Items from a data source:
++++++++
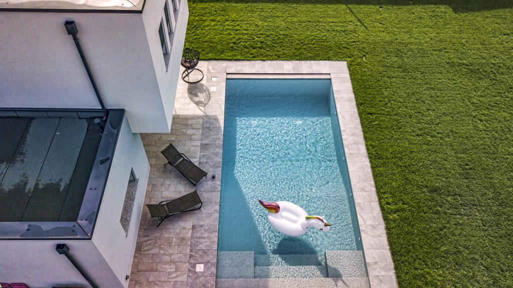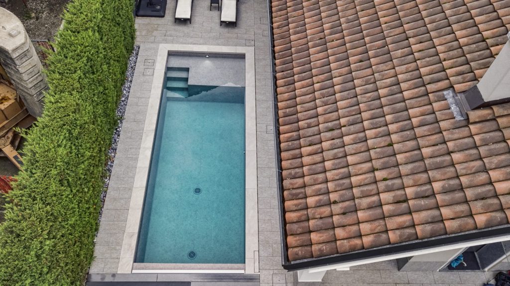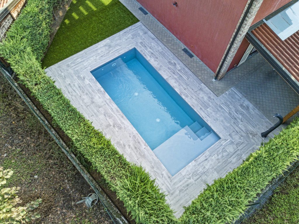 Si tratta di una piscina privata interrata outdoor dalla forma rettangolare, linee precise e pulite e tonalità delicate. La struttura della vasca di 7x3m è stata realizzata in casseri EPS ed ha una profondità costante di 1.3 m, perfetta per nuotare e rilassarsi a bordo vasca. Il sistema di ricircolo è a skimmer. La vasca […]
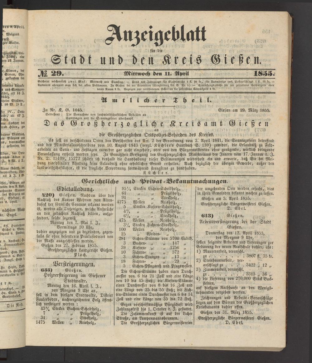Anzeigeblatt für die Provinzialhauptstadt Gießen. 1840-1867
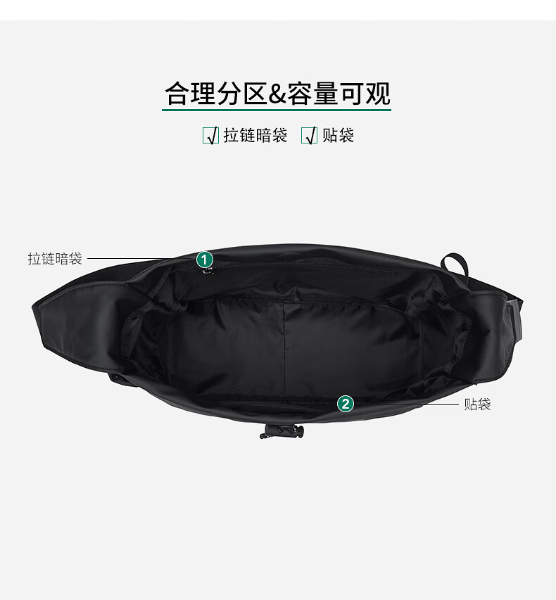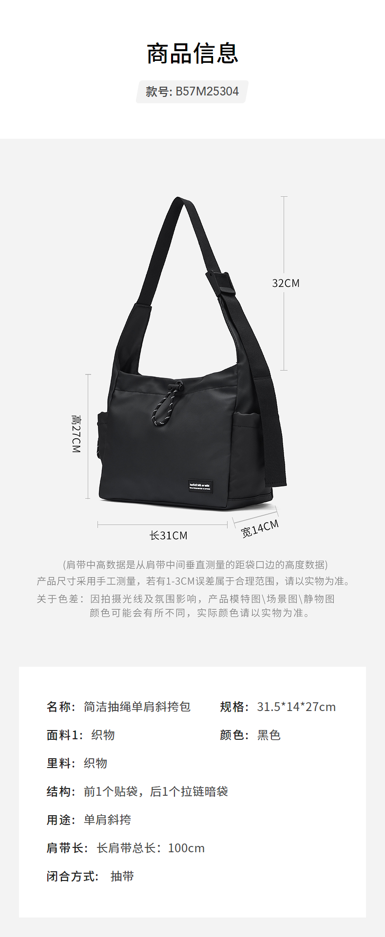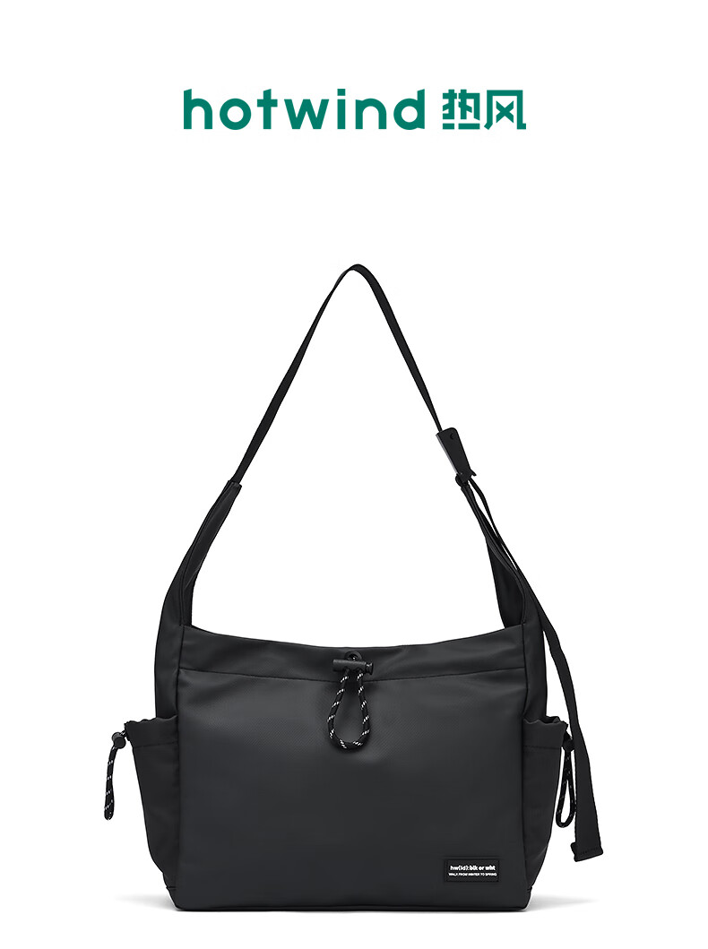 热风【商场同款】男士背包25年秋新款简洁抽绳单肩斜挎包休闲运动通勤 01黑色 F
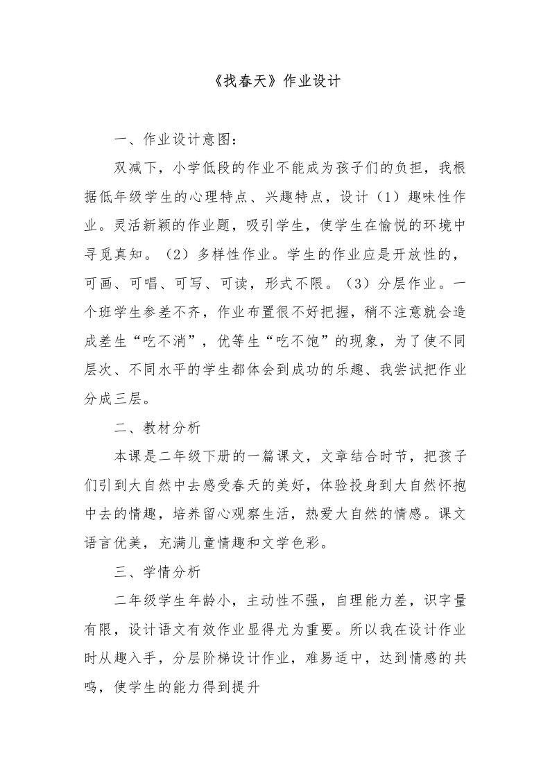 首页教研资料作业设计“双减”小学语文《找春天》优秀作业设计
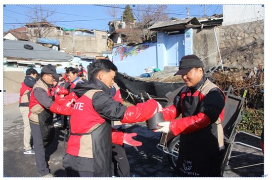 올해로 3년째를 맞은 '사랑의 연탄 나눔' 봉사활동에서 박창규 사장을 비롯해 임직원 200여명은 지난 28일, 29일 이틀간 서울과 부산에서 추운 날씨 속에서 연탄 4만 장을 기부하고 120여가구에 직접 연탄을 배달했다.
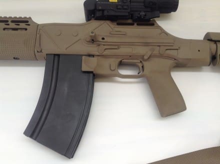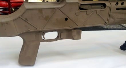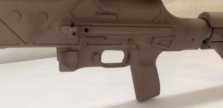 This new variant is still chambered in .30-06 but they are considering other calibers; 7.62 is a natural fit but a few others were mentioned as well. As this is still a developmental platform, almost anything in that class of round is possible, so long as it makes sense. Even with the .30-06 you can see that recoil is quite manageable. I found it similar to a 5.56 rifle. They tell me it’s due to their new buffer. The furniture is all designed and manufactured in house from Selective Laser Sintered (SLA) 3D printed materials. OOW has also integrated Mil Std 1913 rails for sights and accessories.
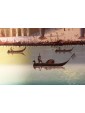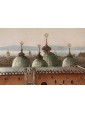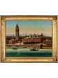 Around the Piazzetta San Marco, cheerfully populated, are the famous Venetian treasures: in the foreground the columns of Saint Todaro (Teodoro di Amasea, Byzantine) and Saint Mark; on the left, The Sansovinian Library. It is then the turn of the Bell Tower with the precious loggia del Sansovino, the Procuratie Vecchie and the principle of the Clock Tower attached to them.
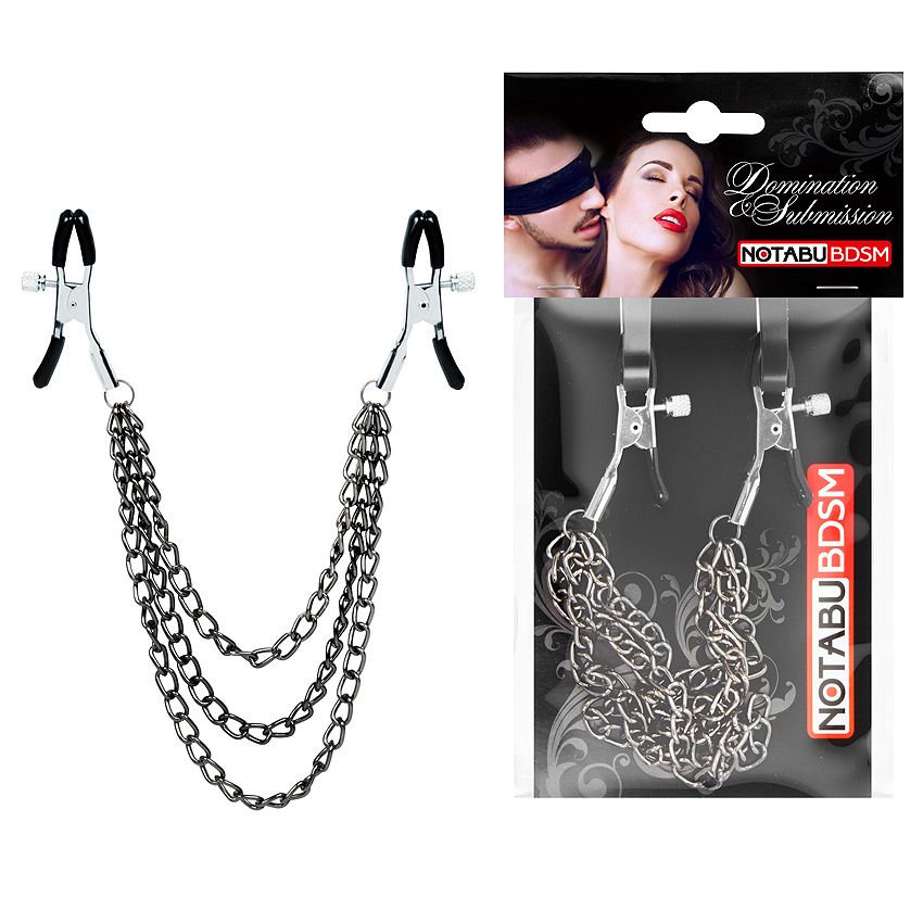 Изящные аксессуары для стимуляции сосков и усиления сексуального возбуждения. На концах зажимов имеются специальные эластичные накладки, препятствующие сильному сдавливанию и травмированию сосков. Подвески украшают секс-игрушки. На каждом изделии предусмотрен регулировочный винт, позволяющий контролировать силу сдавливания сосков. Интимные аксессуары могут использоваться соло или для парных любовных игр. Изделия просты в применении. Не требуют специального ухода.
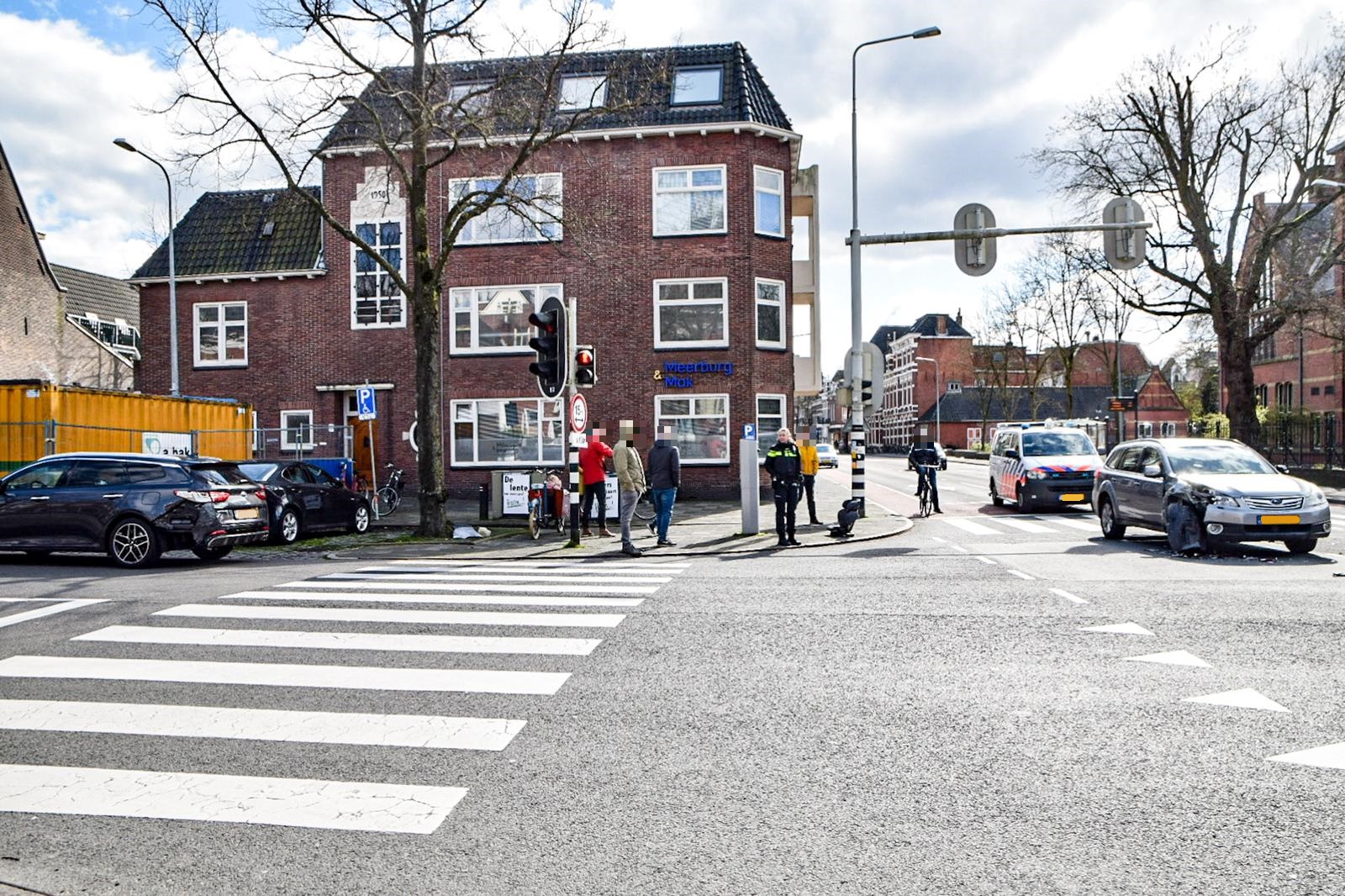 Het ongeluk gebeurde rond 12.30 uur op de kruising met de Westersingel. “Hoe het precies heeft kunnen gebeuren is onbekend”, vertelt Ten Cate. “Op de kruising zijn de twee auto’s met elkaar in botsing gekomen. Een grijze personenauto heeft forse schade aan de voorzijde, een donkere gekleurde auto heeft schade aan de rechterachterzijde.” Voor zover bekend is er niemand gewond geraakt.
++++++++
### YOUR OBJECTIVE:
Return the stretch of data that begins with the line showing "热风【商场同款】男士背包25年秋新款简洁抽绳单肩斜挎包休闲运动通勤 01黑色 F" and goes on through the line showing "올해로 3년째를 맞은", exactly, with pictures removed.

### RESULT OF THE TASK:
 热风【商场同款】男士背包25年秋新款简洁抽绳单肩斜挎包休闲运动通勤 01黑色 F
 首页教研资料作业设计“双减”小学语文《找春天》优秀作业设计
 올해로 3년째를 맞은 '사랑의 연탄 나눔' 봉사활동에서 박창규 사장을 비롯해 임직원 200여명은 지난 28일, 29일 이틀간 서울과 부산에서 추운 날씨 속에서 연탄 4만 장을 기부하고 120여가구에 직접 연탄을 배달했다.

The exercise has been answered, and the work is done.